No problem : pure white mould, it's yeast
Wet and slightly vinegary - my horses love this stuff, I've always fed it and they eat it first. I don't know if I should, but I've never had any problem with it.

Heat - shake it out and if it cools and smells good, feed it, the horses love it!


----------



## Alec Swan (5 November 2011)

Anytime that silage or haylage smell off,  specifically when you have the unmistakable stench of ammonia.  

The smallest puncture in the wrapping can allow oxygen in,  and it can wreck the bale,  in no time.

Alec.


----------



## rockysmum (5 November 2011)

All of the above, in addition I was always told not to feed if it had lumps of soil in it.  Sometimes you do find this if the blades have dug into the ground.  I was told being cut that low and the soil makes it dangerous for botulism.


----------



## ofcourseyoucan (5 November 2011)

hot spots
visable mould
punctures in wrapping
bad smell
slimey to touch
open for more than 7 days.

botulism and salamonella are a risk when feeding haylage. best to use a bale up within 7 days as otherwise it starts to forment and go off. buy bales in an appropriate size to your useage esp in mild weather like now......


----------



## Roasted Chestnuts (5 November 2011)

Unless it smells rotten and like pee I feed it.

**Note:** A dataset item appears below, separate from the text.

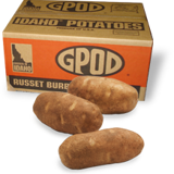 The world famous Idaho Russet Burbank potatoes are internationally renowned for their diverse uses in food dishes of all kinds. Its versatility to be fried, mashed, and baked allows for fluffier, lighter, better tasting potato than any other potato in the world. GPOD of Idaho is the only exclusive shipper of the famous Russet Burbank Potato.
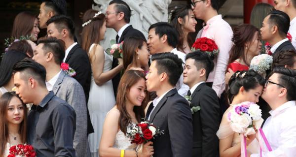 حفل زفاف جماعى في ماليزيا لـ99 زوجا لسبب غريب

If its black or runny I dont but I have good dry haylege that lasts up to 4 weeks in cold weather 3 in normal winter conditions under a atrp with a bucket on top to allow airflow.

I just dont agree with the whole 7 day rule, my horses have never been sick from eating haylege opened for more than 7 days.

Common sense tells you if its ok to feed or not.


----------



## Miss L Toe (6 November 2011)

If it is heating up that is not good, you could try pulling it out and dry it into hay by turning, there is nothing against "washing" it then drying it.


----------



## SpruceRI (7 November 2011)

I think I have probably chucked out perfectly good haylage then 

I have chucked any that have been punctured, end of.  Or any that I've opened and they've been hot inside, even if they look fine and smell fine.

Such a waste.   Having opened them up to chuck on the compost heap, generally they've got a black area around where the hole was but look and smell fine through the rest of the bale.

Am I being totally paranoid by chucking the whole bale and should I be just picking off the manky bit and feeding the rest?


----------